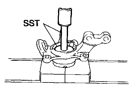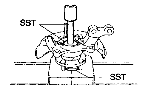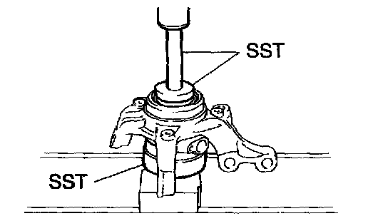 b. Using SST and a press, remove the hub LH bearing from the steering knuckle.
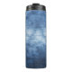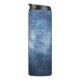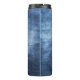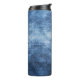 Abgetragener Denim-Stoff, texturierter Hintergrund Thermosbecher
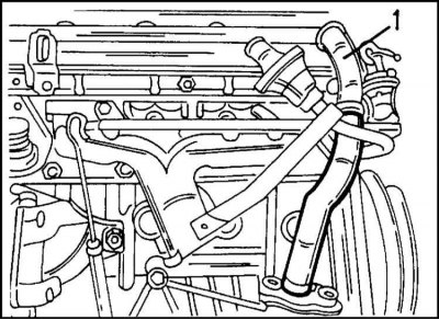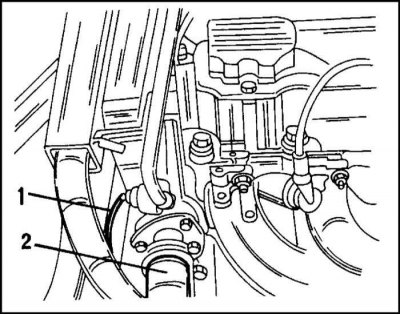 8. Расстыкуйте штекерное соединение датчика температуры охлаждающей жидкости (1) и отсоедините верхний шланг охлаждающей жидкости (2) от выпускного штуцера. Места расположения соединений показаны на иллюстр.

* **TRY IT**: Retype the listing above exactly as it appears, omitting the pictures.

* **SOLVED EXERCISE**:
 b. Using SST and a press, remove the hub LH bearing from the steering knuckle.
 Abgetragener Denim-Stoff, texturierter Hintergrund Thermosbecher
 8. Расстыкуйте штекерное соединение датчика температуры охлаждающей жидкости (1) и отсоедините верхний шланг охлаждающей жидкости (2) от выпускного штуцера. Места расположения соединений показаны на иллюстр.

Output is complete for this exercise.